На том разговор и кончился. Репин еще раз после обеда проверил стражу, просидел, не касаясь ни одной бумаги, часа два в канцелярии, гадая — даст Бог удачи, не даст? С первыми же вечерними тенями напала сонливость, и, раскинув по столу руки, он положил щеку на обшлаг, поерзал, устраиваясь удобнее, задремал.

А четырьмя верстами ниже Черкасска берегом Дона возвращался не спеша в город, расставив посты, урядник Алимпиев. На слепящую под солнечными лучами гладь он поглядывал изредка, краешком глаза, и, приметив выше по течению черную точку, приглядываться на закат не стал, а прикинул, высоко ли солнце. Малиновый шар коснулся уже земли, и Алимпиев пустил коня рысью, то и дело щурясь направо. Тени голубели, острее запахли травы, и вдруг, сверкнув напоследок, погас солнечный луч, скрытый урезом берега. Доставая пистолет, Алимпиев погнал коня к отмели, где выбирался из воды отчетливо теперь видный всадник.

Двумя часами позже, едва глянув на приведенного беглеца и признав Петра Грузинова, атаман Орлов послал пятерых казаков забрать Евграфа. Была глубокая ночь, когда обоих братьев отправили в приготовленный загодя погреб и отыскали в канцелярии уснувшего за столом Репина. Он не сразу поверил удаче: Петр Грузинов взят на берегу, за караулом, а у Евграфа найдены несожженные бумаги, которых требовал Обольянинов. Поверив — ощутил беспокойство, сладостное жжение в горле. Велев подать свечей, перед тем как лечь, прочел неровно писанную стопку листов; раздевшись, уже сев на край постели, взялся снова.

Учреждение сената выбором тайным, общенародным; истребление тайного сыска и шпионов всех, до последнего; установление закона, который и есть — единственная власть. Новое государство возвещено в этих бумагах, а жить в нем будут, не утесняемы никем, казаки, татары, грузины, греки, калмыки, евреи, турки, черкесы… Что же он русских-то позабыл, мелькнуло напоследок сквозь навалившийся сон; Репин выронил бумаги и вытянулся на кровати.

Наутро тройным кордоном казаков оцеплена была войсковая канцелярия; в двух смежных комнатах накрыли столы красным сукном. Первым полагалось доставить Евграфа. Протоиерей Волошеневский ждал, в своем сияющем облачении, стоя, потому что места для него приготовлено не было, но конвой мешкал, и асессор урядник Юдин, оглядевшись по сторонам, подвинул осторожно от торца стола скамейку, шепотом предложил сесть священнику. Тот не расслышал, обернулся, переспросил — и в эту минуту растворилась дверь, звякнули цепи. Волошеневский, вздрогнув, отшатнулся от шедшего прямо на него Грузинова, закашлялся, потом скороговоркой, от шепота возвышая голос, забормотал что-то о правдивости, царском милосердии, грехе… Кончив, потерянно огляделся, поклонился столу коллегии. До двери его проводил казак, вышедший следом, повинуясь жесту презуса. А урядник Юдин, нахмурившись в бумаги, густым голосом начал спрашивать Грузинова, сколько тому лет и откуда он родом.

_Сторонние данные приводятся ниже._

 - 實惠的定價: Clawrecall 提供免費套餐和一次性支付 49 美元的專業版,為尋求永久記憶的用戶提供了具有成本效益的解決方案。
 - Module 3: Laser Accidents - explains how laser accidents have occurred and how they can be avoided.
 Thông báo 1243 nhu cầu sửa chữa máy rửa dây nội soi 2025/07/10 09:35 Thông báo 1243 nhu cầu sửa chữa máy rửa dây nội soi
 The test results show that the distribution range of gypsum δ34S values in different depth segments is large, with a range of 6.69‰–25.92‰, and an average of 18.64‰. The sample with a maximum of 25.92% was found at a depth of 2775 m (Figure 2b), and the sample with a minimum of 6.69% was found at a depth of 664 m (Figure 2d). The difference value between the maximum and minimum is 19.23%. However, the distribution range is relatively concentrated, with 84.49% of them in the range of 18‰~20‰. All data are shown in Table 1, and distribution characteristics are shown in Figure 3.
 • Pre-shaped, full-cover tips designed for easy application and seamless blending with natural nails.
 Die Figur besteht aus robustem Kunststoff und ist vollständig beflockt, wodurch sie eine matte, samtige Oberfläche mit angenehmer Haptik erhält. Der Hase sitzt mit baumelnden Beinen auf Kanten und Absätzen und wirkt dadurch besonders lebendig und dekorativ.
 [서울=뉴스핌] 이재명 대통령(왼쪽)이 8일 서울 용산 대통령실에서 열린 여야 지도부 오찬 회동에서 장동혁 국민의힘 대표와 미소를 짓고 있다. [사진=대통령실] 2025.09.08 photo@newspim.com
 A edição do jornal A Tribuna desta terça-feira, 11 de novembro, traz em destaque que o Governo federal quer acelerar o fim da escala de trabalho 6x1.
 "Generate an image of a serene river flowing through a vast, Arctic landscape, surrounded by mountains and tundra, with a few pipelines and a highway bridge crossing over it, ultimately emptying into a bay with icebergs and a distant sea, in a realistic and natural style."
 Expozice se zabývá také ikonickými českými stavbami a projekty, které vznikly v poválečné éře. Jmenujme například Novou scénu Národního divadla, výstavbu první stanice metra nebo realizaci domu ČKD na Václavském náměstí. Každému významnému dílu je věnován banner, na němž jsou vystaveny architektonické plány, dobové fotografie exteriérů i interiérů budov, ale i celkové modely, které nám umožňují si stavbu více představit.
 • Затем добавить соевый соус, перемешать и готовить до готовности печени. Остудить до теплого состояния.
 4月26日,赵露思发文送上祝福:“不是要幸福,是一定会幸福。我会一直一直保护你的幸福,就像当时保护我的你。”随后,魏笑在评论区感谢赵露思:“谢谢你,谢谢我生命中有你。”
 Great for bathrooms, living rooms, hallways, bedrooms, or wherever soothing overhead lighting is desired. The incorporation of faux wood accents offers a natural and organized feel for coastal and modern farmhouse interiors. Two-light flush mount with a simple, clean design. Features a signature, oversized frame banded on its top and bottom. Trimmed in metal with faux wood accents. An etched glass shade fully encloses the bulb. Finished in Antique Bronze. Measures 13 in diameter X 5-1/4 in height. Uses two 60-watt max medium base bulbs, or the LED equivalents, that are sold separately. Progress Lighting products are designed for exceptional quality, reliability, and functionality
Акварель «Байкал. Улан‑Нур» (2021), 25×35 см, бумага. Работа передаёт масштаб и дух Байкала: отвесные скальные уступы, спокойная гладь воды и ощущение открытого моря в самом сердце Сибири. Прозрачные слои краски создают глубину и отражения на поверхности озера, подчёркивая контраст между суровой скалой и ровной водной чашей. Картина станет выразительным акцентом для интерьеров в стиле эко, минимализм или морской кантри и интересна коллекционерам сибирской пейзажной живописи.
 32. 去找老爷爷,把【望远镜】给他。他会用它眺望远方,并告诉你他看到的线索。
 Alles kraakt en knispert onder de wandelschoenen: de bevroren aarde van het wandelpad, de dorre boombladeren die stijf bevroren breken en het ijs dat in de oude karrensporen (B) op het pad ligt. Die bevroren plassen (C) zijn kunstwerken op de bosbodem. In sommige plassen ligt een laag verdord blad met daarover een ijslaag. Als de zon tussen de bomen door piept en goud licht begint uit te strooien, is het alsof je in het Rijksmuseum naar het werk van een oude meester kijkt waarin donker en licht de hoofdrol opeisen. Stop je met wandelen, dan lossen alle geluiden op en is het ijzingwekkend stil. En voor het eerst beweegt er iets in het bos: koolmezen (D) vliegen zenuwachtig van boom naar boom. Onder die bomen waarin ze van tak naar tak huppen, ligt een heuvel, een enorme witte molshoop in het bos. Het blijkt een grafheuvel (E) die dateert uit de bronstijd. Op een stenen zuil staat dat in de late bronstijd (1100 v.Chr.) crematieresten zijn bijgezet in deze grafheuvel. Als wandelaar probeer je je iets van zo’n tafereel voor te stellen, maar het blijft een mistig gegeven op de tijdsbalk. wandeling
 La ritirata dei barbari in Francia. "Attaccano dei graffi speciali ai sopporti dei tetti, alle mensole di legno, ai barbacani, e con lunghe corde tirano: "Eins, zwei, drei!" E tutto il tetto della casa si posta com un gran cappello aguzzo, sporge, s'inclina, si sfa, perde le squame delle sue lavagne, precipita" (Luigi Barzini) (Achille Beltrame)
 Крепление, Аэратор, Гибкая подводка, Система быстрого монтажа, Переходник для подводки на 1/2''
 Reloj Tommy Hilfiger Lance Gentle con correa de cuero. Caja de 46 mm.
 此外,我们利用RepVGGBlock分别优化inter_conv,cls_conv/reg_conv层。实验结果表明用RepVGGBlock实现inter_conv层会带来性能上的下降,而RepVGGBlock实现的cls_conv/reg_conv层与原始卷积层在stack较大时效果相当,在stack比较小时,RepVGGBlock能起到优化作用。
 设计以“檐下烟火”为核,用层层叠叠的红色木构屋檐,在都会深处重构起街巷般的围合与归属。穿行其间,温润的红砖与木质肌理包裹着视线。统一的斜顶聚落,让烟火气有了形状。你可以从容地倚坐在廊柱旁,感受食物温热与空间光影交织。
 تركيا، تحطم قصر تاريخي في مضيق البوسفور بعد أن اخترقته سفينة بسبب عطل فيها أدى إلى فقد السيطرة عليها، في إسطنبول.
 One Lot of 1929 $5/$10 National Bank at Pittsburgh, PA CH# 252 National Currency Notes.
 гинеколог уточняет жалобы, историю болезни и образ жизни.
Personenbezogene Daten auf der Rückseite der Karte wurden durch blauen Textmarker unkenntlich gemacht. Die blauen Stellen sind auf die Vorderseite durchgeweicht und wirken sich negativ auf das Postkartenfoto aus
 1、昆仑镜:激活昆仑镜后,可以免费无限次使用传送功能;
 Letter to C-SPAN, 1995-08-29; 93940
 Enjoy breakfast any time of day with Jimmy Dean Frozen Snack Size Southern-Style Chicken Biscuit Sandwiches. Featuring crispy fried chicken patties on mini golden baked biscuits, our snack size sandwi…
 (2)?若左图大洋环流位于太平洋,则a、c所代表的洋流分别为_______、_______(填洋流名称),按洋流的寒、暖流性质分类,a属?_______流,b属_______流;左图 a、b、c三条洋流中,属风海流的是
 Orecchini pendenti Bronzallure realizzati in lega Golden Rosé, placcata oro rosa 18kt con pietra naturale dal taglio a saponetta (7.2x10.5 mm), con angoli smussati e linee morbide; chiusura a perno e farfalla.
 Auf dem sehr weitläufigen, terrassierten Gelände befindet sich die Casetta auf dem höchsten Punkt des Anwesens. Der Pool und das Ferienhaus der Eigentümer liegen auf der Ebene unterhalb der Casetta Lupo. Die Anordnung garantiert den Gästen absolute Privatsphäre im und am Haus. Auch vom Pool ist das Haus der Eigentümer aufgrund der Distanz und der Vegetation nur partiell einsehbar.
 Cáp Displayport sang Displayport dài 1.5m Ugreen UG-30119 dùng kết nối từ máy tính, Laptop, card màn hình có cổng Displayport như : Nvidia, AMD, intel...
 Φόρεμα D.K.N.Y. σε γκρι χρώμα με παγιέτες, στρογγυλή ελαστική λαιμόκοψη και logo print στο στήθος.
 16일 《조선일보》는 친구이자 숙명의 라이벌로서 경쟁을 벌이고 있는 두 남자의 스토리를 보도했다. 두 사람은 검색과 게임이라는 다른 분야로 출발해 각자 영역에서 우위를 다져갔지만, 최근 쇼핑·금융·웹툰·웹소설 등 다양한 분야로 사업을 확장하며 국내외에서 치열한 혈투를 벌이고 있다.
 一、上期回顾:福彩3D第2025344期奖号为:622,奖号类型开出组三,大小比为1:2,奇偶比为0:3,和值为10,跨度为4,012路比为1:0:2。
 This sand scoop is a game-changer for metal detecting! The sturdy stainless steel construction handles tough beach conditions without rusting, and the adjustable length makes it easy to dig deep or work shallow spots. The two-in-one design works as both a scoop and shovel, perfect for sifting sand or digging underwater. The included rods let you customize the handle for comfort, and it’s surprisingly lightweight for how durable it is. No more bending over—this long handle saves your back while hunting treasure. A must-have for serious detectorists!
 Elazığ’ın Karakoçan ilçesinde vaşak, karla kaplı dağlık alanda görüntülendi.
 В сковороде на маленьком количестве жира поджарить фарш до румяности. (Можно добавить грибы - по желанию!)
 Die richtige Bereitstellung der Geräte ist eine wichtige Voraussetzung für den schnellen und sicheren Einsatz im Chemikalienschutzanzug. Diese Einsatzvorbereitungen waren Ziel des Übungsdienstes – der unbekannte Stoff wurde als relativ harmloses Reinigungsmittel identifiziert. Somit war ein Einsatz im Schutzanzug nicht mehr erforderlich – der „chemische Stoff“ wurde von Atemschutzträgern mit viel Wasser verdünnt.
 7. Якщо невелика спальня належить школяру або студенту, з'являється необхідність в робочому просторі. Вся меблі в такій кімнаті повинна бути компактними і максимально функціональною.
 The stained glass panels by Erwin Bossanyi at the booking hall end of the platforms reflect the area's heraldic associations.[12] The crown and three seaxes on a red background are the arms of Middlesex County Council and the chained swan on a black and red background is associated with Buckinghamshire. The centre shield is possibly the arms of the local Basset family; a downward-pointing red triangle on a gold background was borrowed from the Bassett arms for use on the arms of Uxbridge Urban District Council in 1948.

…До обеда сказано было довольно. Не будь взятых в доме Евграфа бумаг — довольно бы и того, что здесь посмел возвестить. Презус, поднимая к глазам бювар, чтобы не касаться лежащих в кем листов, зачел негромко, веско гнусные измышления про сенат, ратманов, коими, на гамбургский манер, желал заменить злоумышленник поставленных государем чиновников; спросил, пришептывая:

— Тако же… не отрицаешь, что сие гнуснейшее… твоей рукой?

— Моей.

— Сообщники твои кто?

— Велите вывести отсюда, задушить, да и дело с концом. Не скажу, — махнул рукой, звякнув цепью, Грузинов.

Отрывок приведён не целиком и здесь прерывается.